If you’re new to AI agents, I recommend checking out this article that covers the basics of an AI agent architecture. For the purposes of this post, I’ll mention the key characteristics that distinguish an AI agent from other types of software.

AI agents have agency

AI agents are given a task and expected to figure out how to accomplish that task on its own. This differs from traditional procedural logic that provides step by step instructions to define behavior throughout the entire system.

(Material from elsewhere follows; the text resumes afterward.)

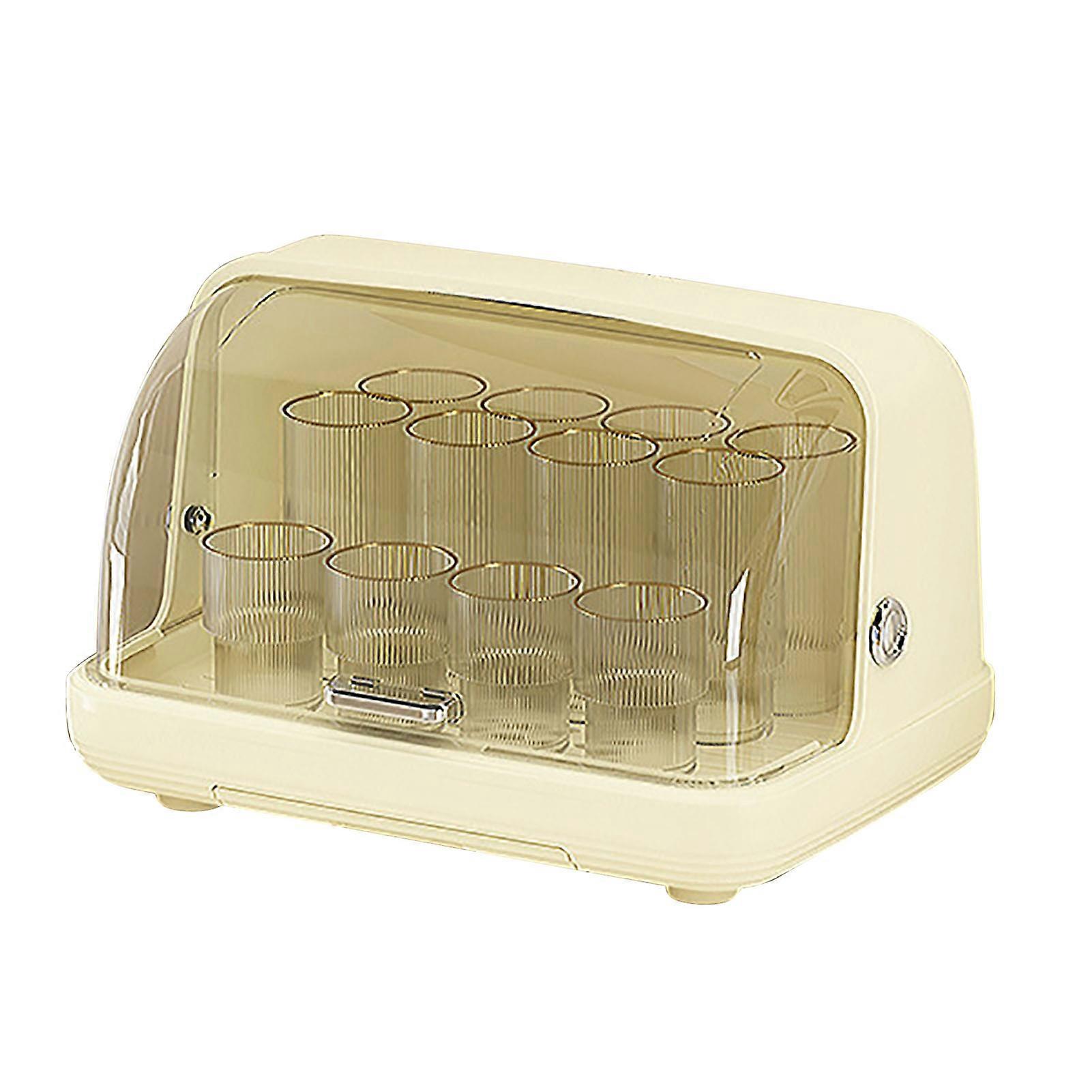 Transparent Large Cups Storage Box 38.5x27x25cm Dustproof Teacups Rack with Drainage Desktop Organizer Cream Color

In the case of Sherpa, customers would ask a question or make a request and Sherpa would need to figure out how to solve it. As an online retailer, we had access to historical questions that users asked about and had a list of the most common topics: where’s my stuff, how can I return an item, can I cancel my order being among the most frequent.

This self-deterministic capability is a hallmark feature of an agent, but in order to accomplish its task, the team had to give Sherpa the necessary tools to do so.

Say Goodbye to Stale Vector Indexes Keep your AI up-to-date in real-time with Vectorize RAG pipelines Try It Free

AI agents can interact with the outside world

In addition to its task, an AI agent has access to mechanisms that let it interact with the world around it. These mechanisms will vary based on the nature of the agent. A robotic vacuum will have mechanisms such as cameras, sensors and motors. Agricultural AI agents may use sensors to detect moisture levels in the soil and weather data. One day, AI agents may take a more active role in surgical procedures and rely on image processing and robotic arms to precisely carry out procedures on human patients.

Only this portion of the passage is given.